Your task:
As an exercise, copy out the entries exactly as written.

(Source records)
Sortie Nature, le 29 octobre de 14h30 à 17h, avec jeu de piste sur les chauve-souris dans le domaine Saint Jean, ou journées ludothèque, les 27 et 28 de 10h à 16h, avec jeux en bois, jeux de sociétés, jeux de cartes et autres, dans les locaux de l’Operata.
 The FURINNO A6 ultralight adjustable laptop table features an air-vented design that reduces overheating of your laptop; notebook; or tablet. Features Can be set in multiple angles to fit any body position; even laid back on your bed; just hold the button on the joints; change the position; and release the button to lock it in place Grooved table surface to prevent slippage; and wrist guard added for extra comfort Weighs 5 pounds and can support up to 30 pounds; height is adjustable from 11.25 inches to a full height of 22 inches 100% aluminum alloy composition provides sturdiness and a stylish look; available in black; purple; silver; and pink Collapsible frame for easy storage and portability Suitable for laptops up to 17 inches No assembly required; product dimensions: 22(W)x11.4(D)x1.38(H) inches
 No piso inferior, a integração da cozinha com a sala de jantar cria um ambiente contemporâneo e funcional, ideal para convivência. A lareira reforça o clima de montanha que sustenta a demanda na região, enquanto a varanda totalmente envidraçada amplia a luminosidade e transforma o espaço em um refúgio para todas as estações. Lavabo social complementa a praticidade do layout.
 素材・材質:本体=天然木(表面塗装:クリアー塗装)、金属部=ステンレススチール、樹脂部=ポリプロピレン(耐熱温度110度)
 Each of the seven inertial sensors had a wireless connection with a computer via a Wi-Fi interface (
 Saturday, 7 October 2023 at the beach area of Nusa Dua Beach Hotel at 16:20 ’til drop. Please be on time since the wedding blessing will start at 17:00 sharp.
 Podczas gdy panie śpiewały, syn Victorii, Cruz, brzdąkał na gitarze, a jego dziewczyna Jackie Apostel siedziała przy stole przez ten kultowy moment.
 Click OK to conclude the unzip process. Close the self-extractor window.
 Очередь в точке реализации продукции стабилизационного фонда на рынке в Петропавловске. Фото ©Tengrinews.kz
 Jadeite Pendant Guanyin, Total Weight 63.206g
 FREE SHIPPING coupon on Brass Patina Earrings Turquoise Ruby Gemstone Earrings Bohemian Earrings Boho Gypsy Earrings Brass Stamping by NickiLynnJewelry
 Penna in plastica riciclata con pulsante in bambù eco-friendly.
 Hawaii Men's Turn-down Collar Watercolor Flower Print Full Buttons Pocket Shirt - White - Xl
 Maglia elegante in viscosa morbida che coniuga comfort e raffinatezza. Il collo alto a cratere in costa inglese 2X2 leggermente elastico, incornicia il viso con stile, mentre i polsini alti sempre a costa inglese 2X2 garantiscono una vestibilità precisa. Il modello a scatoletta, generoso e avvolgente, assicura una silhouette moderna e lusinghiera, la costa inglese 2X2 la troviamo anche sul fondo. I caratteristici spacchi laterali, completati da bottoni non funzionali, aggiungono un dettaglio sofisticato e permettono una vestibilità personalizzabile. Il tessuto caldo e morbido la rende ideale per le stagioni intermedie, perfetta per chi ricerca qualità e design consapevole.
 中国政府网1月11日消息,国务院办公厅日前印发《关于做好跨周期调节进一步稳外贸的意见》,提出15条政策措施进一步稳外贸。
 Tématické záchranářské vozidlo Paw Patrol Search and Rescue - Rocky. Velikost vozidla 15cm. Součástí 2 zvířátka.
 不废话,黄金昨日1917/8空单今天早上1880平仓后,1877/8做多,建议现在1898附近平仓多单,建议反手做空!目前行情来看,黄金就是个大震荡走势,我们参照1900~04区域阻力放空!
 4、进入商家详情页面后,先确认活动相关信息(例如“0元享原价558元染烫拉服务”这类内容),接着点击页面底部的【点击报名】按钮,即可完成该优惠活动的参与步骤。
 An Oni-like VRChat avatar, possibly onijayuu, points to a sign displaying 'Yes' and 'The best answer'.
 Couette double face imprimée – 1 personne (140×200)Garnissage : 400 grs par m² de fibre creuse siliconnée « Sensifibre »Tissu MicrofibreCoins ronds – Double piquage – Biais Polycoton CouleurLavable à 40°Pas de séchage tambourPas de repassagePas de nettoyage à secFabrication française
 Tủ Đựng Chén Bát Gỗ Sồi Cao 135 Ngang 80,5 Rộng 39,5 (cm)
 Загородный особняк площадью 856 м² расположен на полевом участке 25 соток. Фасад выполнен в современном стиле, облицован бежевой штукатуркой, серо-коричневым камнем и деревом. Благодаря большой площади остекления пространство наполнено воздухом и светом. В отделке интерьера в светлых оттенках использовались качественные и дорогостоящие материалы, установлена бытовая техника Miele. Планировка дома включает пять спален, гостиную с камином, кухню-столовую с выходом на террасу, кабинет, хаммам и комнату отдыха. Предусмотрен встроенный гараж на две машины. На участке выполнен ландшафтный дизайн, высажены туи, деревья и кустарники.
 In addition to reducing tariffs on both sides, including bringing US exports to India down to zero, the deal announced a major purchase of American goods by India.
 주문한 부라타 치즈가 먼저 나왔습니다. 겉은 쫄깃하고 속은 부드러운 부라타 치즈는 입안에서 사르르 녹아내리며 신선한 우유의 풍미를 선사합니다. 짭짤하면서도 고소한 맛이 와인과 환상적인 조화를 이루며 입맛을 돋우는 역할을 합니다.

Solved problem:
Sortie Nature, le 29 octobre de 14h30 à 17h, avec jeu de piste sur les chauve-souris dans le domaine Saint Jean, ou journées ludothèque, les 27 et 28 de 10h à 16h, avec jeux en bois, jeux de sociétés, jeux de cartes et autres, dans les locaux de l’Operata.
 The FURINNO A6 ultralight adjustable laptop table features an air-vented design that reduces overheating of your laptop; notebook; or tablet. Features Can be set in multiple angles to fit any body position; even laid back on your bed; just hold the button on the joints; change the position; and release the button to lock it in place Grooved table surface to prevent slippage; and wrist guard added for extra comfort Weighs 5 pounds and can support up to 30 pounds; height is adjustable from 11.25 inches to a full height of 22 inches 100% aluminum alloy composition provides sturdiness and a stylish look; available in black; purple; silver; and pink Collapsible frame for easy storage and portability Suitable for laptops up to 17 inches No assembly required; product dimensions: 22(W)x11.4(D)x1.38(H) inches
 No piso inferior, a integração da cozinha com a sala de jantar cria um ambiente contemporâneo e funcional, ideal para convivência. A lareira reforça o clima de montanha que sustenta a demanda na região, enquanto a varanda totalmente envidraçada amplia a luminosidade e transforma o espaço em um refúgio para todas as estações. Lavabo social complementa a praticidade do layout.
 素材・材質:本体=天然木(表面塗装:クリアー塗装)、金属部=ステンレススチール、樹脂部=ポリプロピレン(耐熱温度110度)
 Each of the seven inertial sensors had a wireless connection with a computer via a Wi-Fi interface (
 Saturday, 7 October 2023 at the beach area of Nusa Dua Beach Hotel at 16:20 ’til drop. Please be on time since the wedding blessing will start at 17:00 sharp.
 Podczas gdy panie śpiewały, syn Victorii, Cruz, brzdąkał na gitarze, a jego dziewczyna Jackie Apostel siedziała przy stole przez ten kultowy moment.
 Click OK to conclude the unzip process. Close the self-extractor window.
 Очередь в точке реализации продукции стабилизационного фонда на рынке в Петропавловске. Фото ©Tengrinews.kz
 Jadeite Pendant Guanyin, Total Weight 63.206g
 FREE SHIPPING coupon on Brass Patina Earrings Turquoise Ruby Gemstone Earrings Bohemian Earrings Boho Gypsy Earrings Brass Stamping by NickiLynnJewelry
 Penna in plastica riciclata con pulsante in bambù eco-friendly.
 Hawaii Men's Turn-down Collar Watercolor Flower Print Full Buttons Pocket Shirt - White - Xl
 Maglia elegante in viscosa morbida che coniuga comfort e raffinatezza. Il collo alto a cratere in costa inglese 2X2 leggermente elastico, incornicia il viso con stile, mentre i polsini alti sempre a costa inglese 2X2 garantiscono una vestibilità precisa. Il modello a scatoletta, generoso e avvolgente, assicura una silhouette moderna e lusinghiera, la costa inglese 2X2 la troviamo anche sul fondo. I caratteristici spacchi laterali, completati da bottoni non funzionali, aggiungono un dettaglio sofisticato e permettono una vestibilità personalizzabile. Il tessuto caldo e morbido la rende ideale per le stagioni intermedie, perfetta per chi ricerca qualità e design consapevole.
 中国政府网1月11日消息,国务院办公厅日前印发《关于做好跨周期调节进一步稳外贸的意见》,提出15条政策措施进一步稳外贸。
 Tématické záchranářské vozidlo Paw Patrol Search and Rescue - Rocky. Velikost vozidla 15cm. Součástí 2 zvířátka.
 不废话,黄金昨日1917/8空单今天早上1880平仓后,1877/8做多,建议现在1898附近平仓多单,建议反手做空!目前行情来看,黄金就是个大震荡走势,我们参照1900~04区域阻力放空!
 4、进入商家详情页面后,先确认活动相关信息(例如“0元享原价558元染烫拉服务”这类内容),接着点击页面底部的【点击报名】按钮,即可完成该优惠活动的参与步骤。
 An Oni-like VRChat avatar, possibly onijayuu, points to a sign displaying 'Yes' and 'The best answer'.
 Couette double face imprimée – 1 personne (140×200)Garnissage : 400 grs par m² de fibre creuse siliconnée « Sensifibre »Tissu MicrofibreCoins ronds – Double piquage – Biais Polycoton CouleurLavable à 40°Pas de séchage tambourPas de repassagePas de nettoyage à secFabrication française
 Tủ Đựng Chén Bát Gỗ Sồi Cao 135 Ngang 80,5 Rộng 39,5 (cm)
 Загородный особняк площадью 856 м² расположен на полевом участке 25 соток. Фасад выполнен в современном стиле, облицован бежевой штукатуркой, серо-коричневым камнем и деревом. Благодаря большой площади остекления пространство наполнено воздухом и светом. В отделке интерьера в светлых оттенках использовались качественные и дорогостоящие материалы, установлена бытовая техника Miele. Планировка дома включает пять спален, гостиную с камином, кухню-столовую с выходом на террасу, кабинет, хаммам и комнату отдыха. Предусмотрен встроенный гараж на две машины. На участке выполнен ландшафтный дизайн, высажены туи, деревья и кустарники.
 In addition to reducing tariffs on both sides, including bringing US exports to India down to zero, the deal announced a major purchase of American goods by India.
 주문한 부라타 치즈가 먼저 나왔습니다. 겉은 쫄깃하고 속은 부드러운 부라타 치즈는 입안에서 사르르 녹아내리며 신선한 우유의 풍미를 선사합니다. 짭짤하면서도 고소한 맛이 와인과 환상적인 조화를 이루며 입맛을 돋우는 역할을 합니다.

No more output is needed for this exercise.